>>

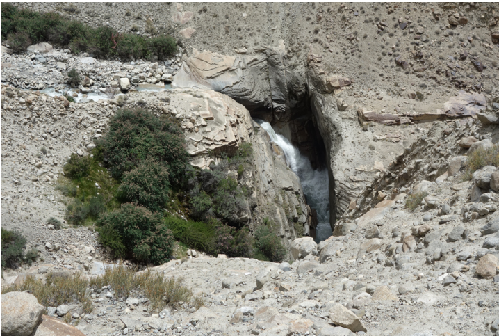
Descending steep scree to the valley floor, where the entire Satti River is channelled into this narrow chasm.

<<
>>

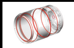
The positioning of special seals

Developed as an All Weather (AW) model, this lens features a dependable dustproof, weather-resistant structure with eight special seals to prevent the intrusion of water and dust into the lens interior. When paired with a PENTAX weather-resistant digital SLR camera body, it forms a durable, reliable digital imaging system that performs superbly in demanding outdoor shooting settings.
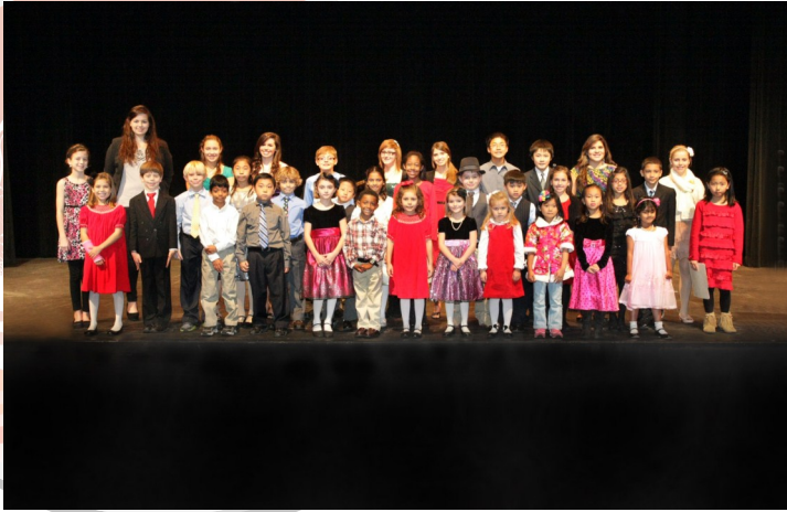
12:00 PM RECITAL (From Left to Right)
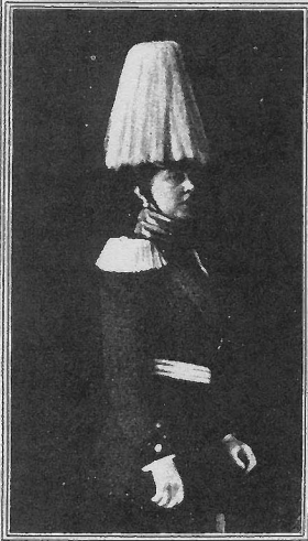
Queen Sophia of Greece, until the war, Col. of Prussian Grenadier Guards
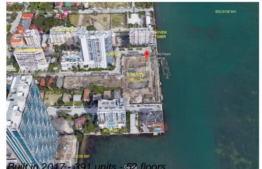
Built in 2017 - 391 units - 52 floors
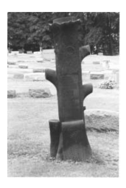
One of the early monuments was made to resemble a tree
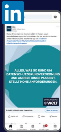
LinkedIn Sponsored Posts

<<
>>

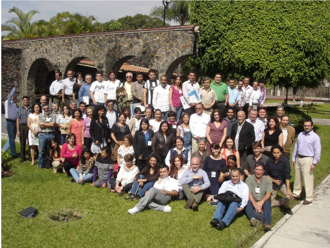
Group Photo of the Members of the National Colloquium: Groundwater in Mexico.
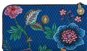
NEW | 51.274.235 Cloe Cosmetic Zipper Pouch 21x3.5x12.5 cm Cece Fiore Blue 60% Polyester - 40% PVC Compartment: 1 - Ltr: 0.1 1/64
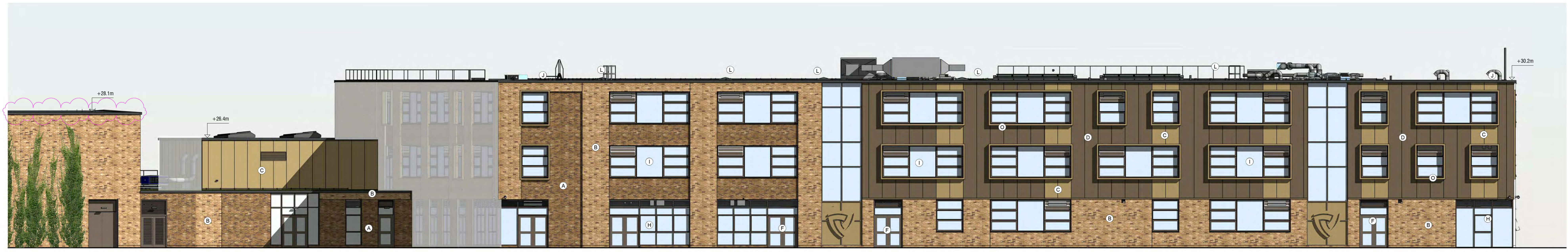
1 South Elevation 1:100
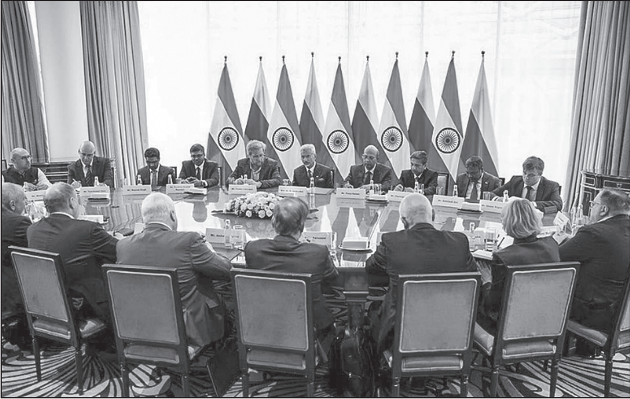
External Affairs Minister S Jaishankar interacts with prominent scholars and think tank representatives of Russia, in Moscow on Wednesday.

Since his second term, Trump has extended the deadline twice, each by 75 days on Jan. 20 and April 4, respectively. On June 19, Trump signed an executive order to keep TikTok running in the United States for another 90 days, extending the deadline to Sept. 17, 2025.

<<

-- Exercise details --
Copy out, word for word, the part of the entries above that begins at the line with "The positioning of special seals" and ends at the line with "Developed as an", including both.

-- Output for this task --
The positioning of special seals

Developed as an All Weather (AW) model, this lens features a dependable dustproof, weather-resistant structure with eight special seals to prevent the intrusion of water and dust into the lens interior. When paired with a PENTAX weather-resistant digital SLR camera body, it forms a durable, reliable digital imaging system that performs superbly in demanding outdoor shooting settings.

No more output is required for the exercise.